The techniques, from round kicks to elbow strikes are made up of many moving parts all working in unison, and it takes a while to get comfortable with moving your body in that somewhat awkward way. For example, they say it takes 10,000 reps of the muay thai round kick before you get to the point where you can throw the kick without thinking about the technique.

It's very easy to get frustrated with yourself over the course of your training (it usually kicks in around the 3rd month in). But it's that over analyzing, trying to break down every component of a technique is what throws you off track. Ideally, you while training techniques, you're thinking about anything other than the technique that your practicing. If you find yourself getting frustrated with yourself, here's a couple pointers that I've found works:

1. Don't spend too much time focusing on a trouble spot. For example, you aren't pivoting on a round kick. Work on it but spending too much time on one issue will likely leave you neglecting the other parts of the technique.

2. Don't rush it! Throwing a crappy kick really fast will in no way clean up your technique. It's easier to throw poor technique quickly than clean technique slowly. Take your time, you aren't in a race.

3. Hitting bags and pads is fun, it feels good - but shadowing the technique is where you really make strides in cleaning up your form. Never neglect your shadow training.

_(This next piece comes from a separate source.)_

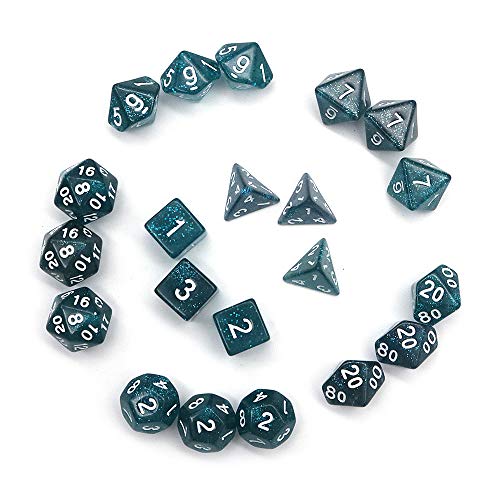 Design a colori con punto di scintillio: ogni dado ha un punto di scintillio e un colore, che lo ha reso più bello e colorato di altri dadi, 1 combinazione di colori brillanti per 3 set di dadi poliedrici a 7 dadi. Le parole chiare rendono i dadi facili da leggere.
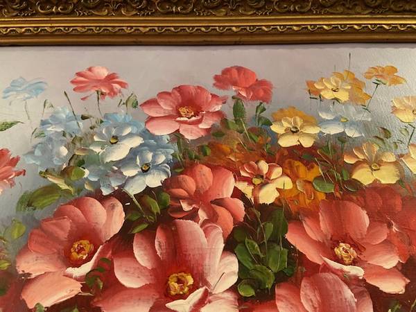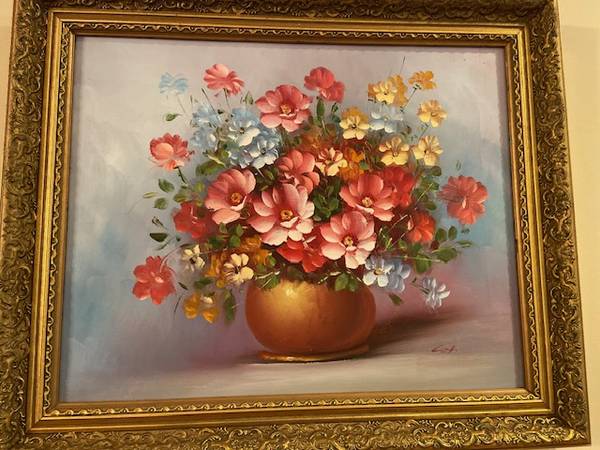 Original. Vintage Oil Painting. Floral art on Canvas signed by Cox.

4. This is the hardest part. Once you've practiced enough to where your body can physically throw a technique correctly (you understand the mechanics), then stop thinking about the technique while you're training. The ultimate goal is for you to be able to execute any muay thai strikes, whether it be kicks, knees, elbows, body movement - without thinking. It just becomes a natural part of how your body moves. Thinking, and over-thinking your technique will actually impede this. So think about anything else other than the technique - girls, work, school, does Taco Bell really use fake beef?

5. Step one in transitioning from muscle memory to subconscious reaction is to train thai pad drills where your partner calls out combinations at a pace that tires you out. And after you've reached the point of exhaustion, you keep going - s/he increases the intensity/complexity of the combos. Its meant to push you beyond the point where your brain cannot process the incoming orders, and its your reptilian brain & your body simply moving on instinct and muscle memory. That's where the real learning takes place.